[WORK REQUIRED]
After locating the line with "This mural was" in the data that follows, return it and every later line exactly, up to and including the line with "Das gemütliche Wohnzimmer".
*** Opening of SOURCE MATERIAL ***
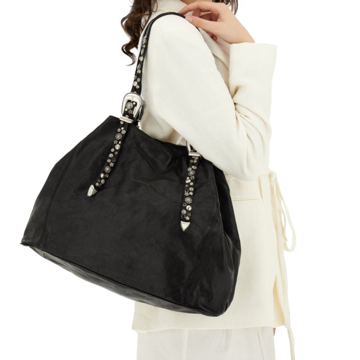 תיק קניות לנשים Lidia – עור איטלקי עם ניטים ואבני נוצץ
*** Close of SOURCE MATERIAL ***
*** Opening of SOURCE MATERIAL ***
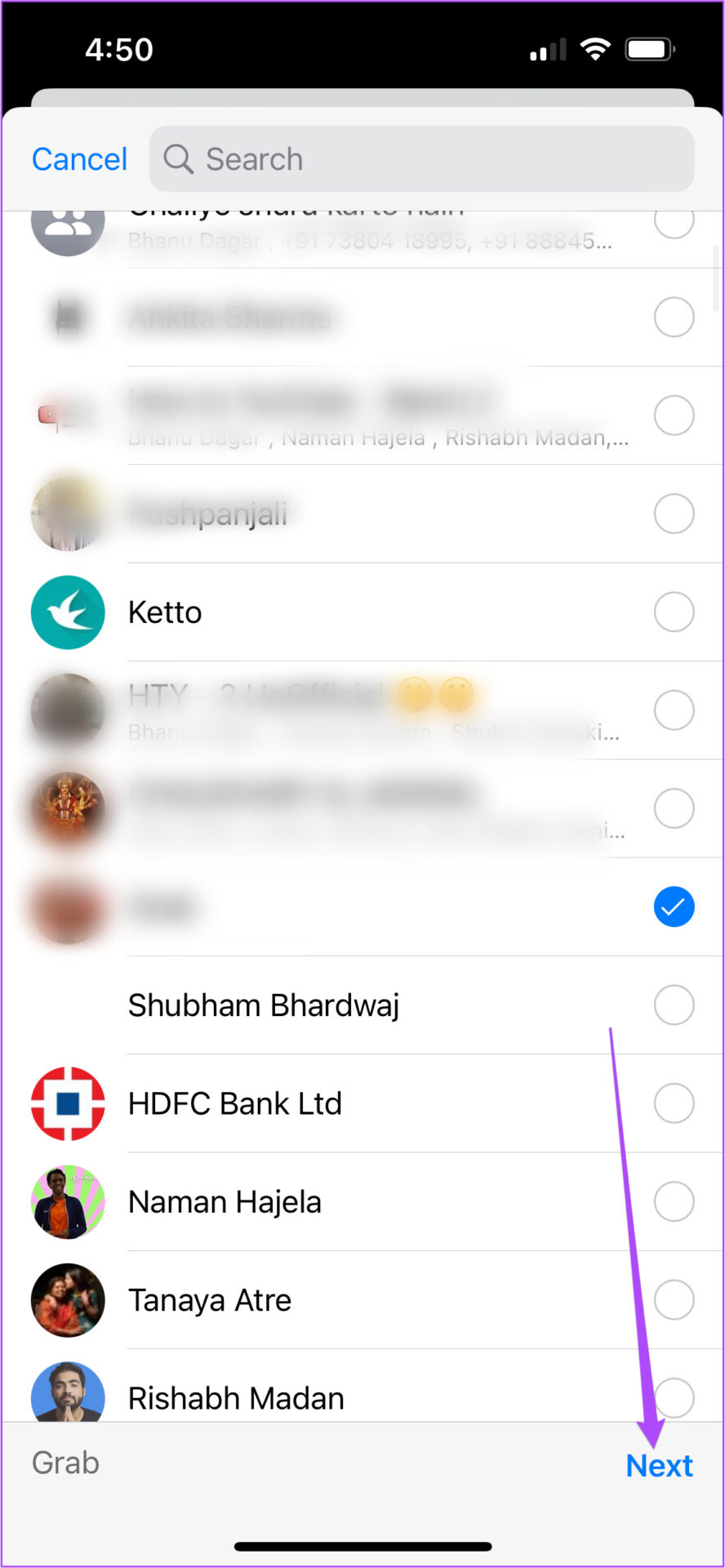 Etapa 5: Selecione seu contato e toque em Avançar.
*** Close of SOURCE MATERIAL ***
*** Opening of SOURCE MATERIAL ***
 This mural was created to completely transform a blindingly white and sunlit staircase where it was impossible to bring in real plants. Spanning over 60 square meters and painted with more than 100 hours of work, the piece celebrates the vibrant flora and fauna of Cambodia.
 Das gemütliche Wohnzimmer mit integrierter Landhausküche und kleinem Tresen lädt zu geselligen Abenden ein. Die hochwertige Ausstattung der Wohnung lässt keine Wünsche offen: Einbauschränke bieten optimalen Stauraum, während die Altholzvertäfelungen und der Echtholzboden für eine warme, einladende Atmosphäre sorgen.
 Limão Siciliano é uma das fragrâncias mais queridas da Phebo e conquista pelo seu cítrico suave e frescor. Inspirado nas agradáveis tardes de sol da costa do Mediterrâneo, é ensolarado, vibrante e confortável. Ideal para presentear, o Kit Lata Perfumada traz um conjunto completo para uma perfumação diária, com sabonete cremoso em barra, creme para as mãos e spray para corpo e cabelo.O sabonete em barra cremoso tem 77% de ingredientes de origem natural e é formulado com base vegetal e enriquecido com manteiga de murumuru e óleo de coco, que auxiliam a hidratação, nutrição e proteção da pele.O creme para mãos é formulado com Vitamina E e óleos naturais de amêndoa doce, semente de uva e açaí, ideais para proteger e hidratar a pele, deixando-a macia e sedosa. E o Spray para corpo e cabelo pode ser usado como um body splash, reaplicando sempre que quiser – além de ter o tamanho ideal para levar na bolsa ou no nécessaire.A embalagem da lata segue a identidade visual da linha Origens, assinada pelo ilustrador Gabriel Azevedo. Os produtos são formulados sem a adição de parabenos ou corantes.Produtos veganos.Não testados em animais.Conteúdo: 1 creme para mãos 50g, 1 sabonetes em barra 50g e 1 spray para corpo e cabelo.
*** Close of SOURCE MATERIAL ***
[YOUR RESPONSE]
 This mural was created to completely transform a blindingly white and sunlit staircase where it was impossible to bring in real plants. Spanning over 60 square meters and painted with more than 100 hours of work, the piece celebrates the vibrant flora and fauna of Cambodia.
 Das gemütliche Wohnzimmer mit integrierter Landhausküche und kleinem Tresen lädt zu geselligen Abenden ein. Die hochwertige Ausstattung der Wohnung lässt keine Wünsche offen: Einbauschränke bieten optimalen Stauraum, während die Altholzvertäfelungen und der Echtholzboden für eine warme, einladende Atmosphäre sorgen.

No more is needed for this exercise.